Mark Twain once quoted former British Prime Minister Benjamin Disraeli as saying: 

“There are three kinds of lies: lies, damned lies, and statistics.”

That quote in itself may have been a lie; there is no record of Disraeli saying it.

There is at least some truth to that famous axiom, regardless of the actual source.

Numbers are to be relied upon and trusted until they can’t be.

It’s hard to lie about things that are seen by everyone at the same time, such as the sun rising in the morning, and setting in the evening.

Everyone watching the Suns’ demolition of the Tigers last Saturday would have seen a truly tremendous performance from Suns star Matt Rowell. Rowell’s day out included 20 clearances, the most of any AFL player in a game this century.

But not the most of any player ever — unless there was another little number-based lie involved.

So did Matt Rowell really fall two clearances short of Paul Salmon’s record, or is there something bigger at play?

Rowell’s day out

Gold Coast AFL player Matt Rowell handballs on his knees in the middle of the ground as Richmond players watch.

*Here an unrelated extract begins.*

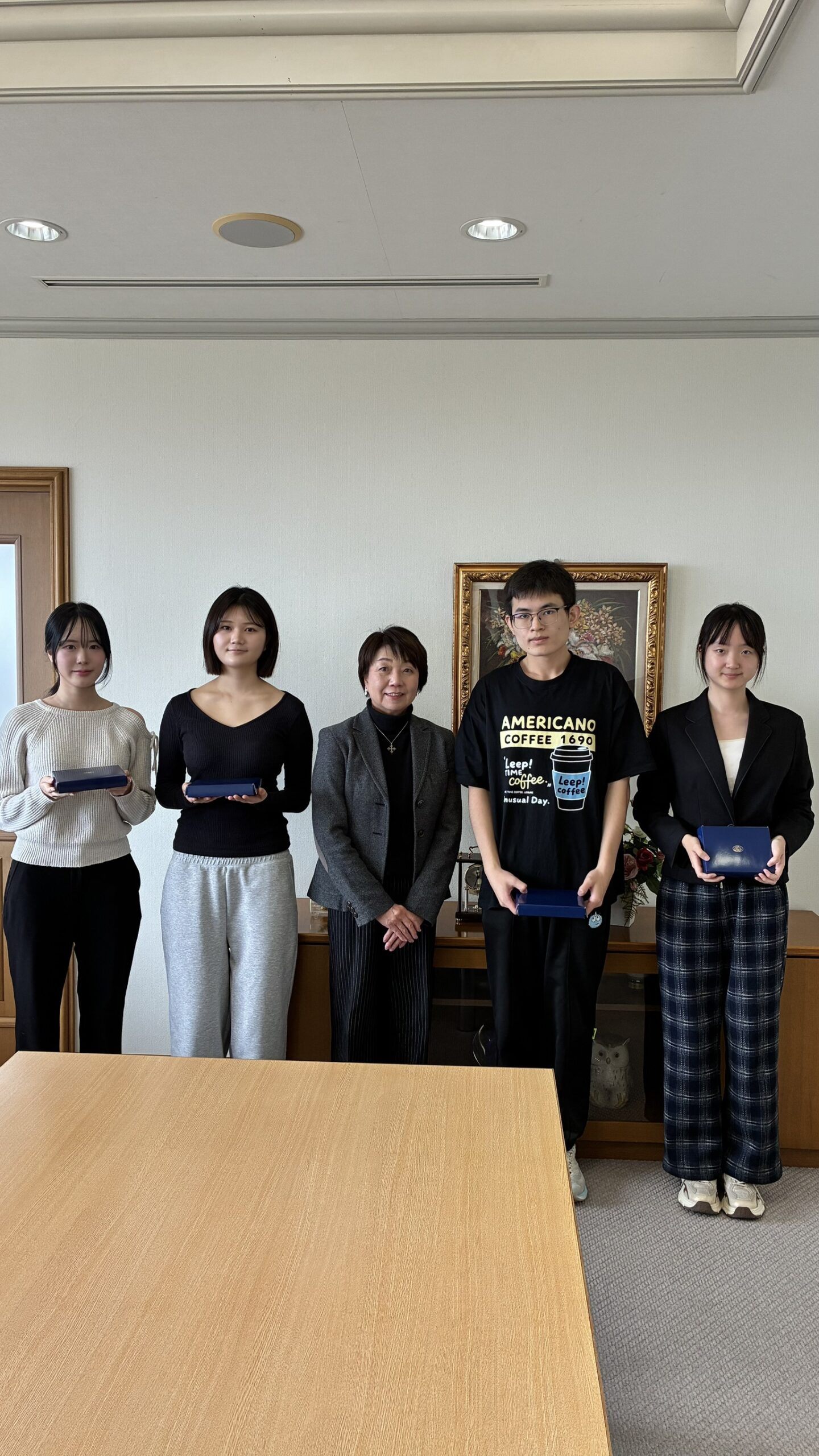 2025年10月21日、サンフランシスコ州立大学の国際交流担当、アレクサンダー先生と、ヨアン先生が、芦屋大学窪田学長を表敬訪問されました。 今回は、夏のSFUショートプログラムに本学から参加した学生がいましたので、御礼と報告のため訪問い...

Matt Rowell picked up 20 clearances against Richmond according to the official count — no one else for the Suns or Tigers had more than eight.(Getty Images: AFL Photos/Dylan Burns)

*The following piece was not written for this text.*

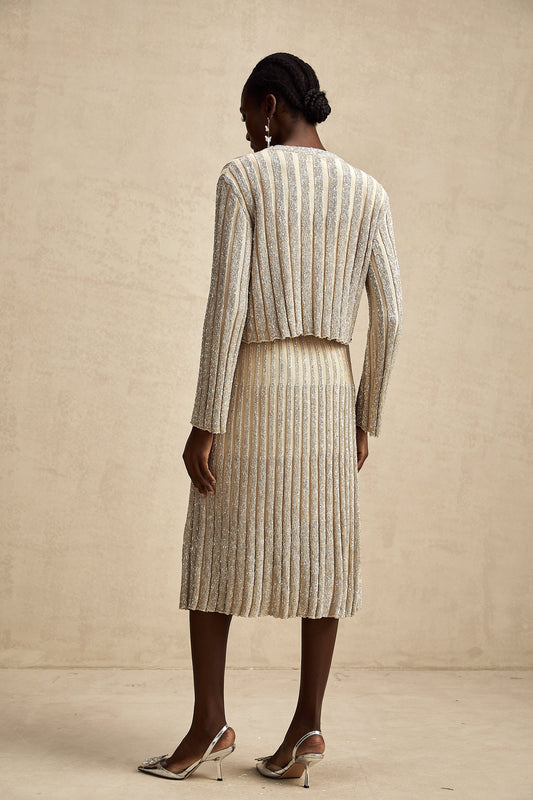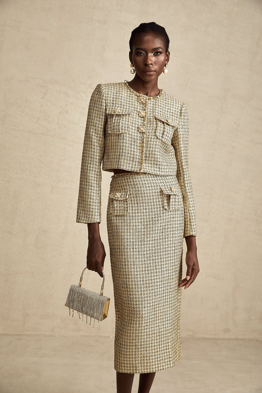 Elisabeth beige crystal tweed cardigan & skirt matching set

Last year, Matt Rowell cemented himself as arguably the best contest player in the competition. The former number one draft pick set the AFL record for most tackles in a season, and finished the year fourth for clearances in the competition.

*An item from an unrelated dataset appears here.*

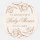 Élégants autocollants de baby shower floral avec des fleurs en cuivre esquissées et feuilles avec un arrière - plan d'amande. Personnalisez les autocollants à baby shower floral avec votre nom et la date. Les autocollants à fleurs sont parfaits pour sceller les sacs de baby shower, les enveloppes d'invitation, et plus encore! Conçu pour coordonner avec notre collection Sketched Floral.

Rowell’s attack on the ball, or the opponent with the ball, is often mesmerising to watch. Last week against Richmond was a perfect demonstration of his incredible skill.

Rowell’s long-forged partnership with Jarrod Witts came to the fore last weekend. AFL clubs make calls for where the ruck will target his hit-out, with the clearance group often working together to open up space for the targeted player to work.

Rowell regularly put in effort before the ball was thrown to get himself into the best possible position to win the ball or prevent Richmond from escaping easily. He even successfully sharked some Tigers hit-outs, predicting the opposition targets.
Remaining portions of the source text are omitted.